Imagine that you had just completed a component of an important task that you had worked on for years. Imagine you were a scientist, something that is easy for me because I am. Imagine that you had had an original idea about how something in nature worked. You mustered the available resources and performed some preliminary studies that were supportive that your idea was in fact correct. You spend weeks or months organizing your ideas, your vision, and your preliminary data into a grant proposal and submitted this to a federal agency or private foundation for funding. Imagine further that your grant proposal was viewed favorably by your peers who supported your idea so your grant application was funded. You would be able to support a laboratory and a staff allowing further studies. You and your coworkers execute these experiments over a period of time that is likely to be measured in years.  These studies provide strong support that meets the standards for scientific proof that your idea was in fact correct.
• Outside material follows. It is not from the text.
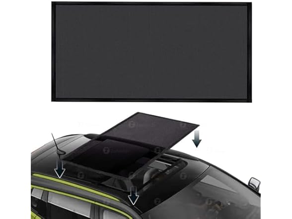 - (1) ZONETECH Car Mesh Sun Roof Magnetic Sun Shade - Premium Quality, Foldable, Cool and Mosquito Blocking Breathable Mesh Sun-Shield, Blocks UV-Rays by Parking Trips Great Protection,Easy Installation

Now you are able to begin the process of writing the scientific paper so that you can tell the world your great idea and studies you have done which provide support that your idea is correct. You and your coworkers, now coauthors, carefully construct the introduction where you explain to the world why you thought what you thought and did what you did. You carefully and in excruciating detail describe exactly how you did the experiments which yielded the data, and how you analyzed the data. You are now able to show the results of those experiments illustrated by carefully generated tables and graphs. You have now reached the point of offering discussion of the significance and importance of this new contribution to the world’s knowledge. Throughout this process you have dutifully acknowledged all of those whose previous work set the stage for your own contribution.
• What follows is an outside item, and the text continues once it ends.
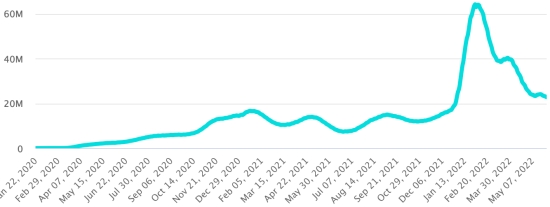 GLOBAL SITUATION 2019-2022: Epidemiological situation: Tuesday May 31, 2022 the number of people infected worldwide with the Covid-19 coronavirus and its variants since the start of the pandemic (March 11, 2020) amounts to 532,214,335 cases (+463,368 in 24 hours ), the day before (+279.156) Number of infected countries: 225 *Healings: 503,175,348 people have been cured of Covid-19 worldwide (+504,306 in 24 hours), the day before (+559,941) *Deaths: 6,312,118 people have died of Covid-19 worldwide since the start of the pandemic (+1,087 in 24 hours), the day before (+415) *Active cases (minus deaths and recoveries) in the world is currently 22,726,869 cases (-42,025 in 24 hours), the day before (-281,200) World healing rate: 94.54% (+) Death rate in the world: 1.18% (=) World: Active cases trend: (minus recoveries and deaths)

You send this work off to a biomedical journal. The editor will send it off to your scientific peers for review. They suggest a few more experiments to solidify the work and ask for rewrites of a few portions which they believe could be expressed more clearly.  You complete the additional experiments; you rewrite the manuscript and send it back to the editor. At long last the reviewers recommend that your work should be published (even reviewer 2 who you thought was an ass based on his stupid comments). This is a time for a feeling of accomplishment, of work well done. You are proud and you should be.

Now come a few surprises. You learn that the publisher wants you to pay publication costs. They will bill you for this. You learn that the journal owns the copyright for your years of hard work. You will have to ask their permission if you wish to use the figures or tables in another publication. Yes, you must ask them. You learn that the publisher charges your institution an exorbitant price to place the journal containing your work in the library and even more if your library has an online collection. You learn that the publisher has sold these subscriptions by bundling them with other journals that your library had to buy even if it did not want to.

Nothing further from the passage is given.